290 Views Asked by At

I have a PySpark notebook running in AWS EMR. In my specific case, I want to use pyspark2pmml to create pmml for a model I just trained. However, I get the following error (when running pyspark2pmml.PMMLBuilder but I don't think that matters).

JPMML-SparkML not found on classpath
Traceback (most recent call last):
  File "/tmp/1623111492721-0/lib/python3.7/site-packages/pyspark2pmml/__init__.py", line 14, in __init__
    raise RuntimeError("JPMML-SparkML not found on classpath")
RuntimeError: JPMML-SparkML not found on classpath

I know that this is caused by my Spark session not have reference to the needed class. What I don't know is how to start a Spark session with that class available. I found one other answer using %%conf -f, but that changed other settings which in turn kept me from using sc.install_pypi_package, which I also needed.

Is there a way that I could have started the Spark session with that JPMML class available, but without changing any other settings?

1

There are 1 best solutions below

0
On

So, here's an answer, but not the one I want.

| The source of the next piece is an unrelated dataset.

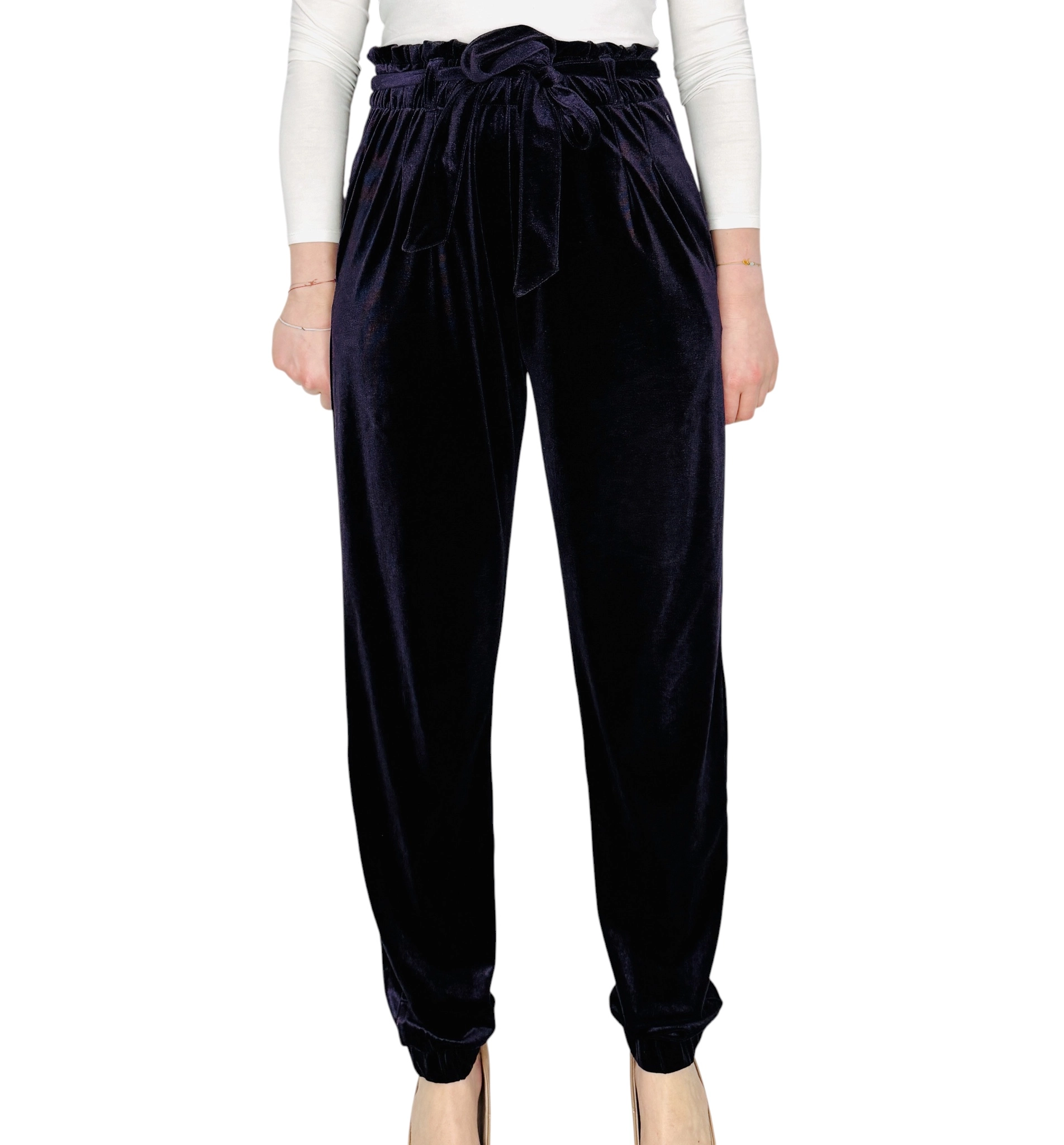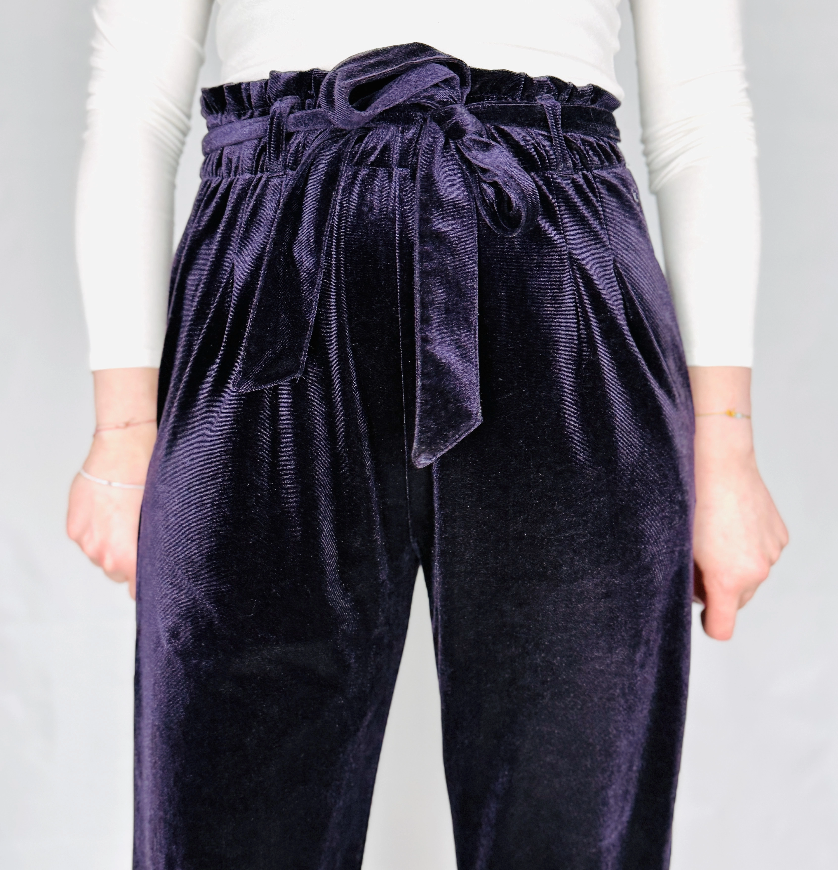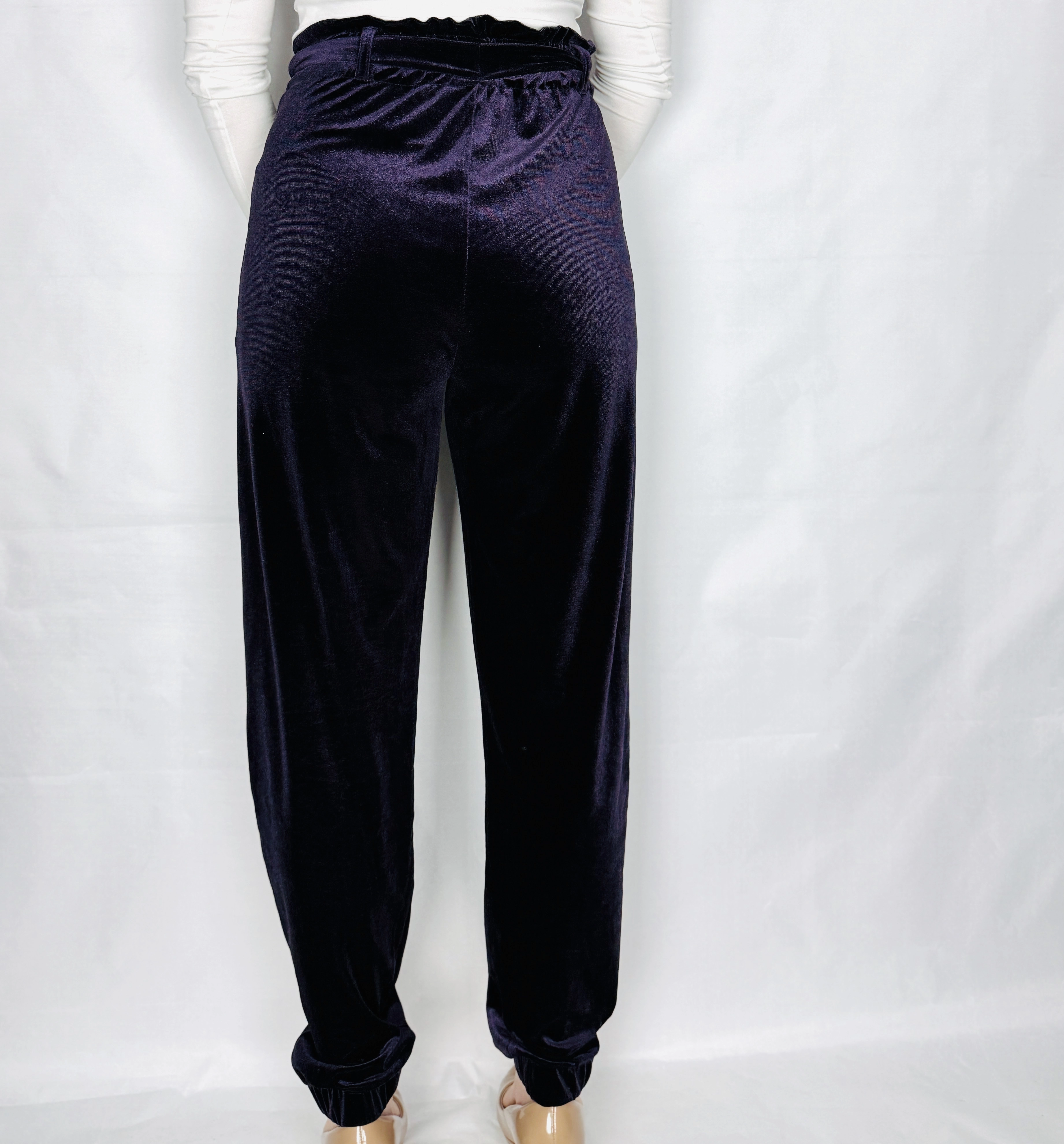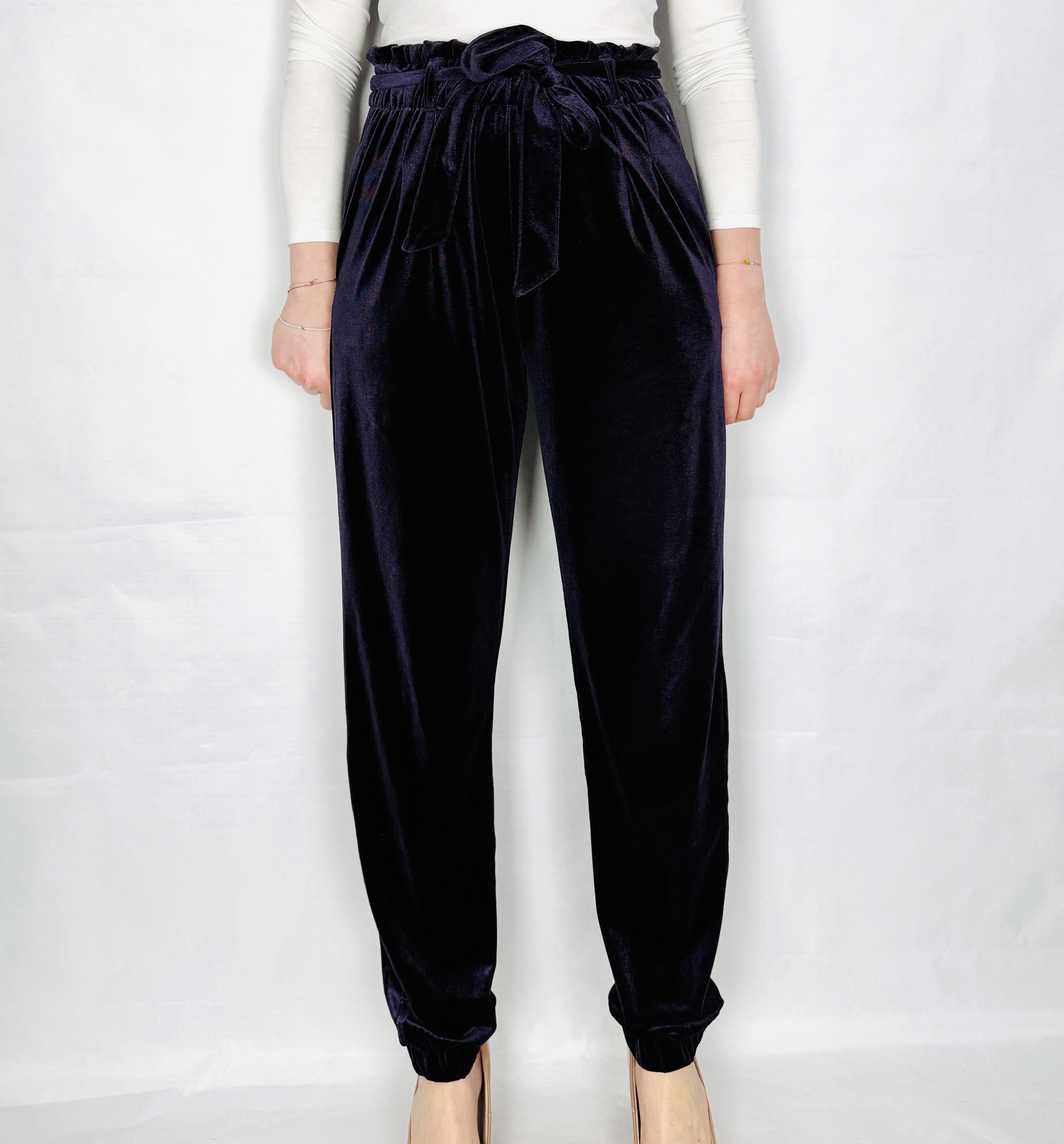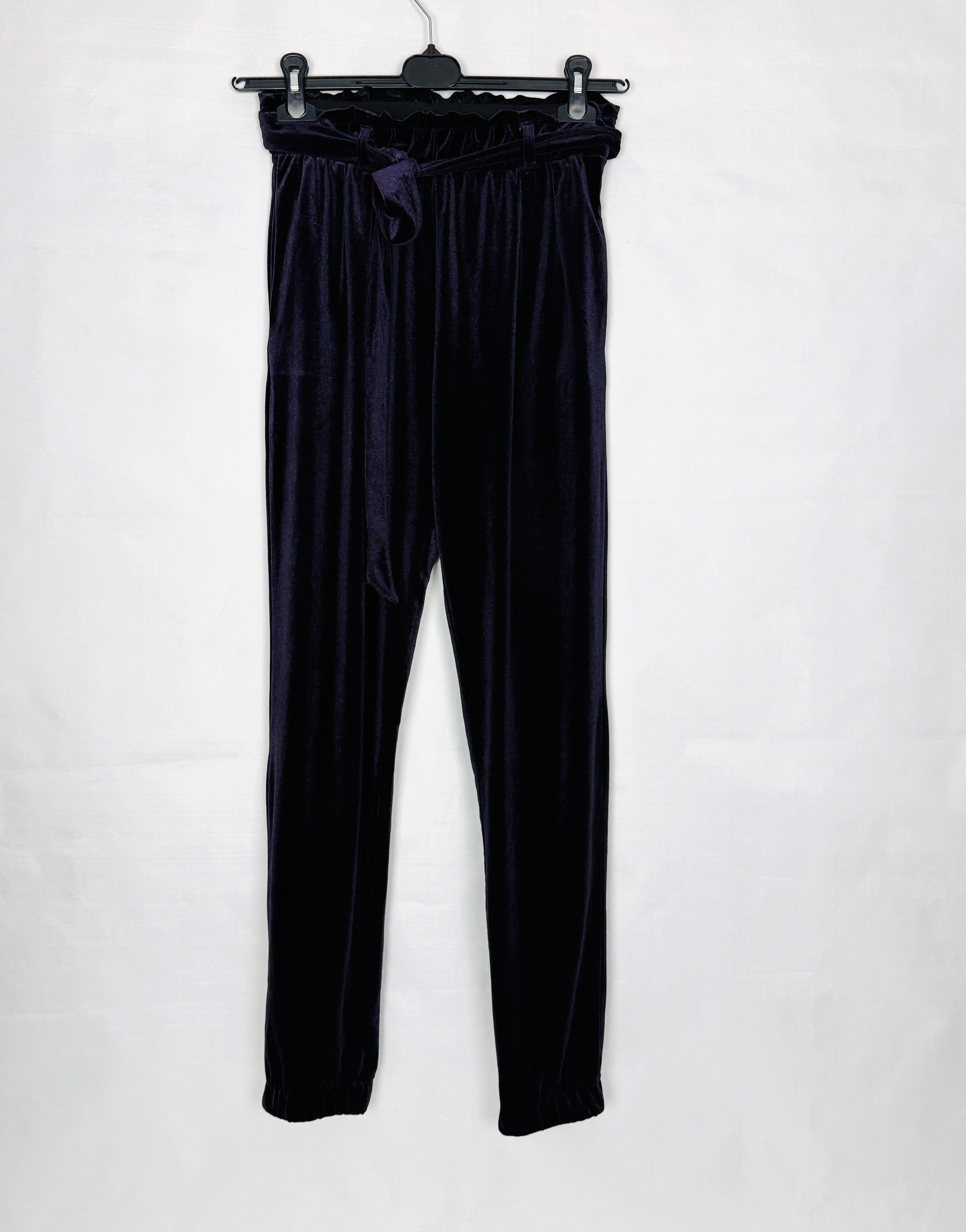 Fioletowe spodnie aksamitne z wiązaniem M 38

To add that class to the classpath I can start my work with this:

%%configure -f
{
    "jars": [
        "{some_path_to_s3}/jpmml-sparkml-executable-1.5.13.jar"
    ]
}

That creates the issue I referenced above, where I don't have the ability to sc.install_pypi_package. However, I can add that package in a more manual way. First step was to create a zip file of just the needed modules using the zip from the project's github (in this case, just the pyspark2pmml directory, instead of the whole zip). Then that module can be added using sc.addPyFile

sc.addPyFile('{some_path_to_s3}/pyspark2pmml.zip')

After this, I can run the original commands exactly as I expected.